◆ **Data for the task**:
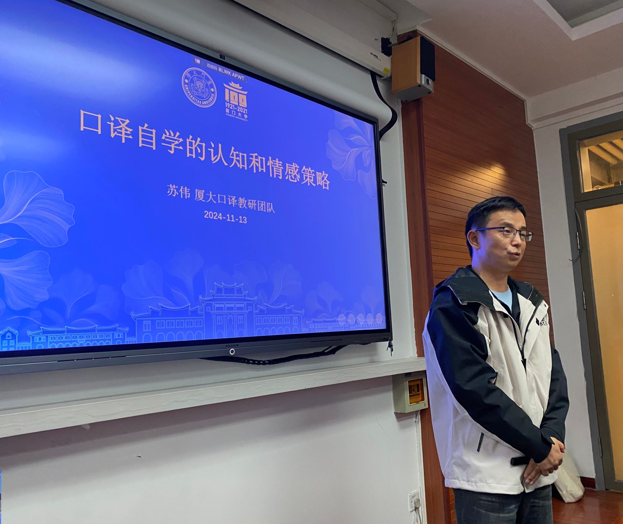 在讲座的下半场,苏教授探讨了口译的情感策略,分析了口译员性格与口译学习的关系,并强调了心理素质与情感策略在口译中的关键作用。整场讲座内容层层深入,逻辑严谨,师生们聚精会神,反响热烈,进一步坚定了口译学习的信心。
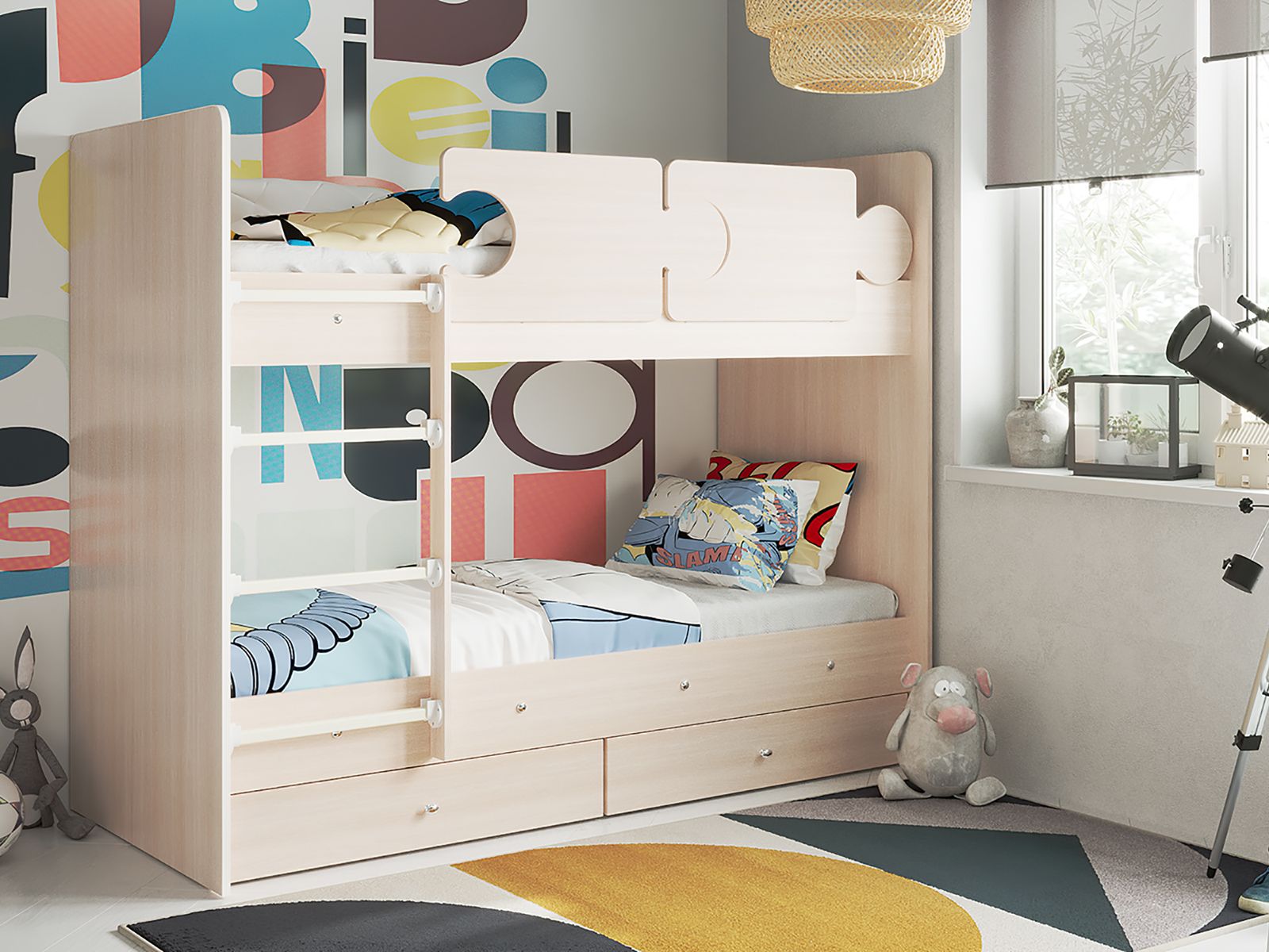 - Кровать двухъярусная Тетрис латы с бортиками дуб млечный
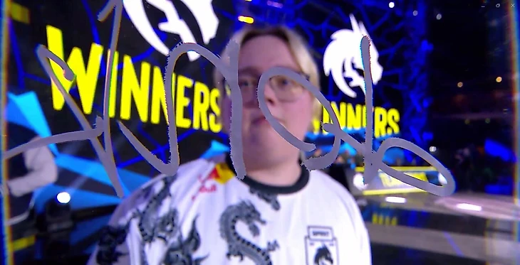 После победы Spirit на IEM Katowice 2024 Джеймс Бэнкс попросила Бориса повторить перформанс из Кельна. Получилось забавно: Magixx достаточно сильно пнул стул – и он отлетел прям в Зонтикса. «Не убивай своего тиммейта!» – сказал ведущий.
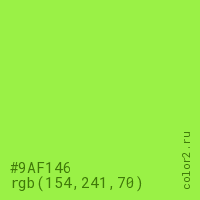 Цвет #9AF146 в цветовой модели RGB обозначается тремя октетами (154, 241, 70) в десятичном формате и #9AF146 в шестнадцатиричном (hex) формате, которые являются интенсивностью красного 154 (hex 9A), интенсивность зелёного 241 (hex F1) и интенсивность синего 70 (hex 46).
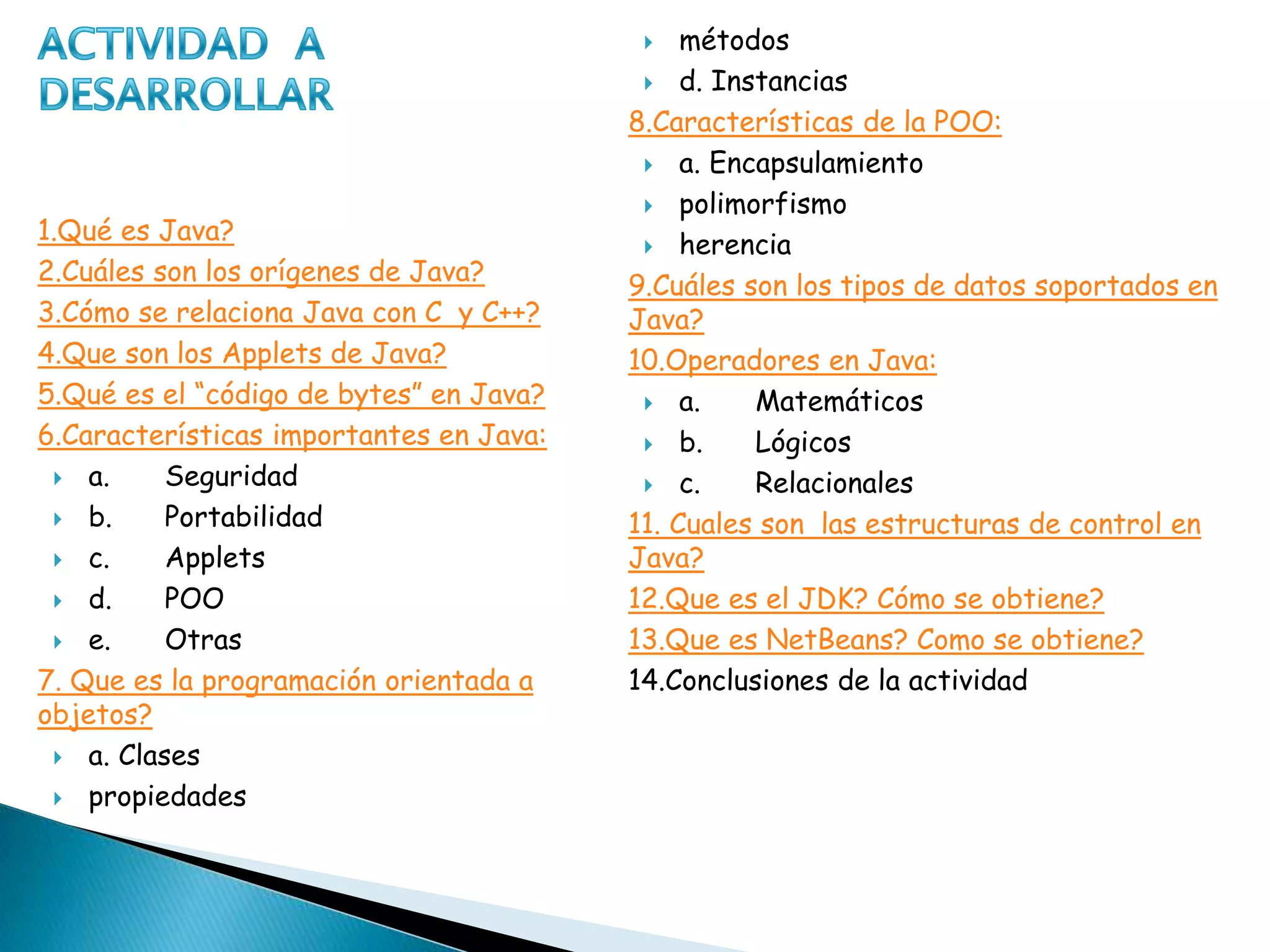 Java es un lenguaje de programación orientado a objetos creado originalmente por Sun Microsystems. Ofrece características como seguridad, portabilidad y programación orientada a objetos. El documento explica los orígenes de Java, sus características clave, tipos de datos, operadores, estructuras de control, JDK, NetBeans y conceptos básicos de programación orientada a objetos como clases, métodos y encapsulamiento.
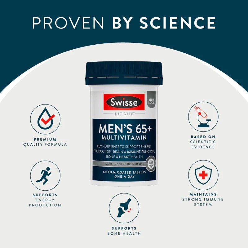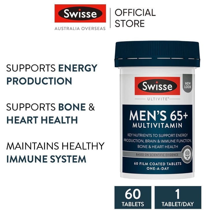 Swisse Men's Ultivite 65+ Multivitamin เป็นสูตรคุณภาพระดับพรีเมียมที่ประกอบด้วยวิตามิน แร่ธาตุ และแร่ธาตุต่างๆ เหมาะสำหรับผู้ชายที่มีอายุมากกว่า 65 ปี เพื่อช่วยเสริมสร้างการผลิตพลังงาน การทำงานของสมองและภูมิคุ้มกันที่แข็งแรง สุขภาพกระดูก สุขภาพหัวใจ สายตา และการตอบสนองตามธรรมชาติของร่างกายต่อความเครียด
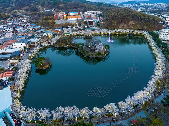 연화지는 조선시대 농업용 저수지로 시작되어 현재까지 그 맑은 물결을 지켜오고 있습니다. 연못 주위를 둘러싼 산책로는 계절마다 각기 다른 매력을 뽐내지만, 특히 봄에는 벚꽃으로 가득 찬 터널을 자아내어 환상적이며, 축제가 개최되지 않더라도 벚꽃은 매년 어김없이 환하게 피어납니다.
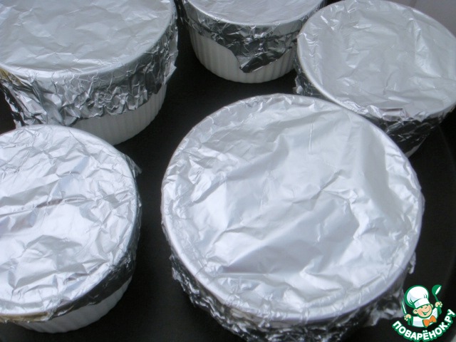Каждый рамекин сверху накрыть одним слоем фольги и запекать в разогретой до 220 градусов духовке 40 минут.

◆ **What is required**: Only an exact copy of the lines from the one with "Swisse Men's Ultivite" through the last line of the data above is wanted, and no pictures.

◆ **Completed task**:
 Swisse Men's Ultivite 65+ Multivitamin เป็นสูตรคุณภาพระดับพรีเมียมที่ประกอบด้วยวิตามิน แร่ธาตุ และแร่ธาตุต่างๆ เหมาะสำหรับผู้ชายที่มีอายุมากกว่า 65 ปี เพื่อช่วยเสริมสร้างการผลิตพลังงาน การทำงานของสมองและภูมิคุ้มกันที่แข็งแรง สุขภาพกระดูก สุขภาพหัวใจ สายตา และการตอบสนองตามธรรมชาติของร่างกายต่อความเครียด
 연화지는 조선시대 농업용 저수지로 시작되어 현재까지 그 맑은 물결을 지켜오고 있습니다. 연못 주위를 둘러싼 산책로는 계절마다 각기 다른 매력을 뽐내지만, 특히 봄에는 벚꽃으로 가득 찬 터널을 자아내어 환상적이며, 축제가 개최되지 않더라도 벚꽃은 매년 어김없이 환하게 피어납니다.
Каждый рамекин сверху накрыть одним слоем фольги и запекать в разогретой до 220 градусов духовке 40 минут.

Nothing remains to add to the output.